Ah !, le Hans Trapp ! La terreur des enfants. Celui qui s'invite subrepticement au moment de l'avent. Il porte des chaînes et des grelots. Il est habillé de fourrures puantes et porte des sabots aux pieds. Et ce monstre fait encore plus de bruit en raclant ses godillots sur le sol. Il vient dans les maisons et se fait réciter des poèmes ou des prières. Gare à ceux qui ne s'exécutent pas ! Il distribue alors une volée de bois sec sur les fesses des récalcitrants. On lui préfère bien-sûr le Christkindel qui est bienveillant et récompense les enfants sages de bonbons et de friandises.
Ce Hans Trapp, on l'associait souvent à l'occupant, ce vert de gris méchant et qui fait peur ! On l'injuriait parfois en alsacien, souvent en allemand.
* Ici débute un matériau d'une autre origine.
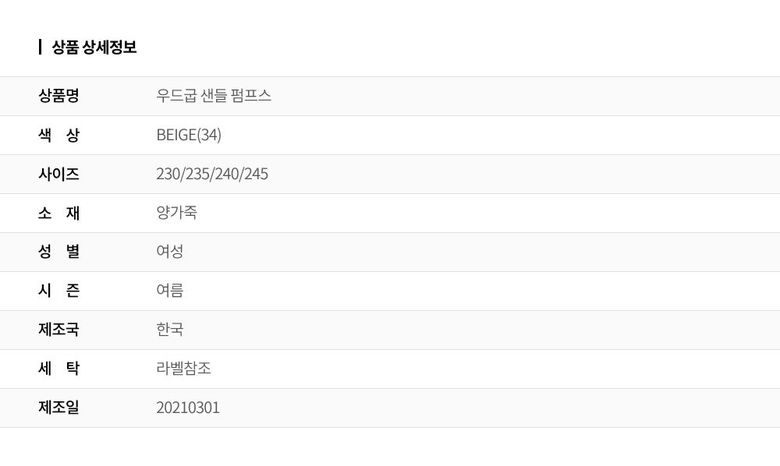 | 1. 제품 소재 (운동화인 경우에는 겉감, 안감을 구분하여 표시) | 양가죽 |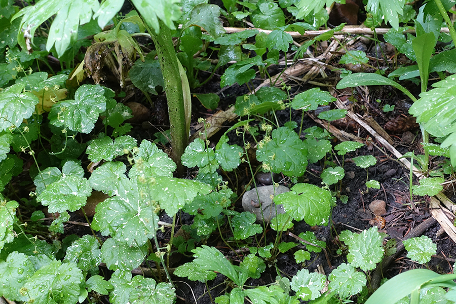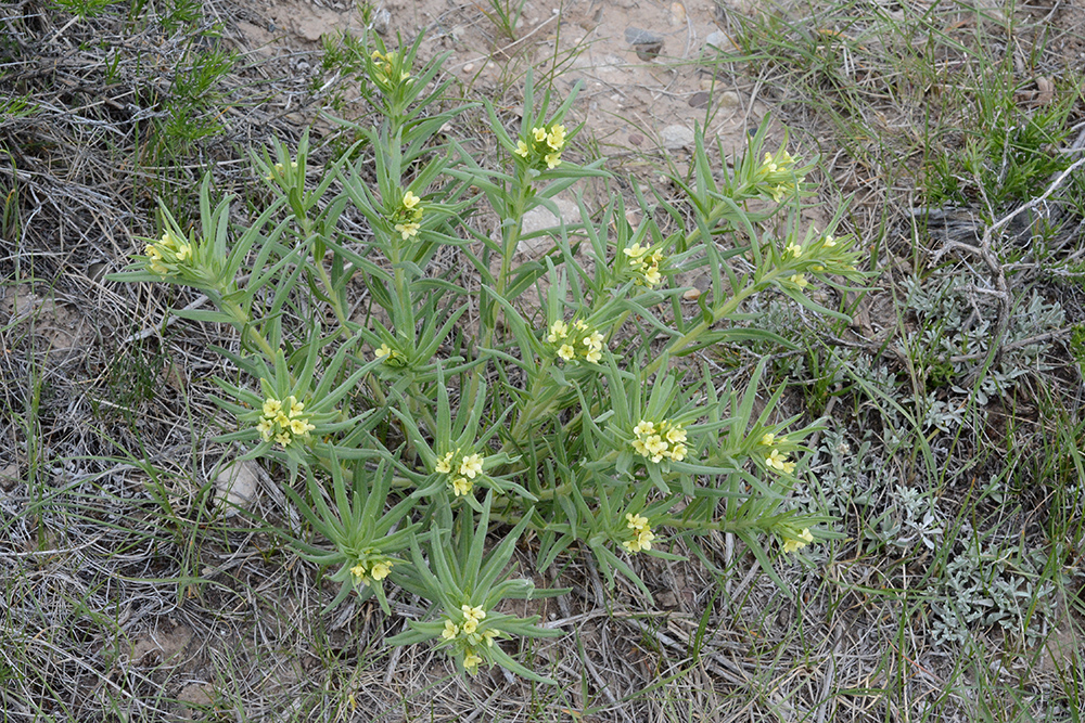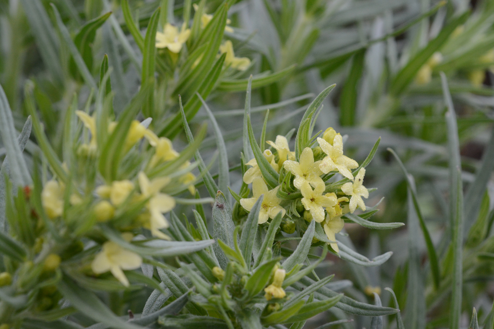 Stoneseed – Lithosperma ruderale – has delicately scented yellow flowers tucked amidst the leaves near the top of robust 1-2’ plants.
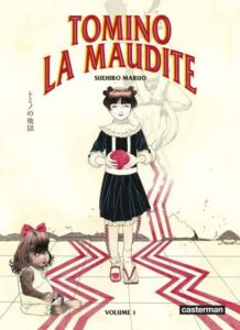 Tomino la maudite est, à ce jour, la série la plus longue de Suehiro Maruo — plus de 600 pages publiées entre 2014 et 2018 dans le magazine Comic Beam. Son titre s’inspire d’un poème maudit de Yaso Saijô publié en 1919, L’Enfer de Tomino, qui a engendré une légende urbaine tenace : quiconque le lirait à voix haute serait frappé par une malédiction mortelle. Maruo propose ici sa propre vision de ce texte cryptique et y greffe ses thèmes de prédilection : l’innocence avilie, le cirque, le Grand-Guignol. L’édition française chez Casterman (deux volumes épais, format cartonné, traduction impeccable de Miyako Slocombe) contient en bonus une interview croisée entre Maruo et le mangaka Atsushi Kaneko. Le manga a remporté le prix Asie de la Critique ACBD en 2021.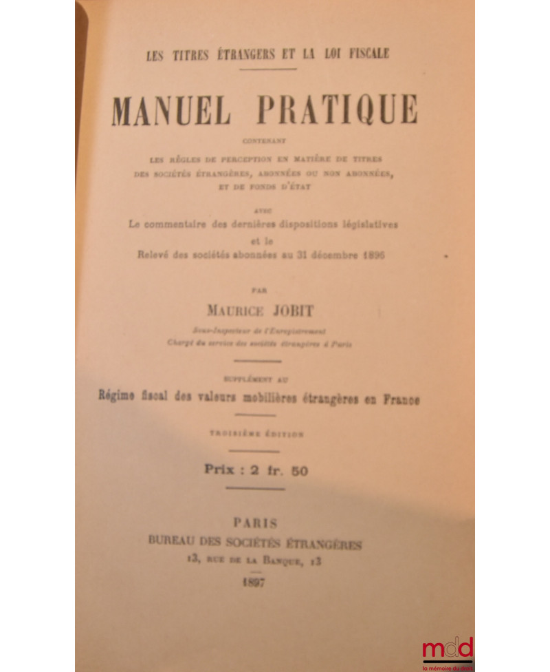 LES TITRES ÉTRANGERS ET LA LOI FISCALE - MANUEL PRATIQUE contenant les règles de perception en matière de titres des Sociétés étrangères, abonnées ou non abonnées, et de fonds d’état avec Le Commentaire des dernières dispositions législatives et le Relevé des sociétés abonnées au 31 décembre 1896. Supplément au Régime fiscal des valeurs mobilières étrangères en France, 3ème éd.

On en avait peur, petits et grands.
Ils avaient juré contre les soldats en maugréant à voix basse en langue française, ce qui était pourtant interdit, mais qui pour ces gamins représentait un suprême défi contre « Le Fridolin » comme disaient les parents entre eux.
Le Bürgermeister[2] qui passait par-là les avait aussi sermonnés et enjoints de regagner leurs domiciles avant la nuit noire. Alors ils avaient couru à en perdre haleine.
En passant devant la maison de l'instituteur de souche allemande Joseph Gans, soupçonné d'avoir dénoncé des Alsaciens, ils avaient ramassé du crottin de cheval qu'ils avaient roulé dans du vieux papier et allumé devant sa porte.
Cachés derrière un tas de vieux bois de chauffe, ils avaient guetté la réaction du maître d'école qui, voyant la fumée, s'était rué sur le feu en le martelant des pieds pour l'éteindre. La suite fit fuir les garnements qui pouffaient de rire. Pas vu pas pris ! Ils se mirent alors à chanter à tue-tête :
« D'r Seppala mìt der Giga, D'r Seppala mìt der Bàss, D'r Seppala hàt ìn d Hosa gschìssa, Seppala wàs ìsch dàs!“ . En français: Joseph avec le violon, Joseph à la basse, Joseph a chié dans le pantalon, Joseph qu'est-ce que c'est que ça?
Il avait juré et était bien vite rentré chez lui. Il savait que ses jours en Alsace étaient comptés et que les Alsaciens ne lui pardonneraient rien.
Ils avaient jeté des cailloux dans les volets de l'épicier Karl Fröbe, lui aussi originaire de Rastatt. Puis ils avaient détalé comme des lapins en contenant des rires rageurs de vengeance contre l'occupant. « A Bosch isch a Bosch un blibt a Bosch ». Un Boche est un Boche et reste un Boche, s'égosillèrent-ils en fuyant.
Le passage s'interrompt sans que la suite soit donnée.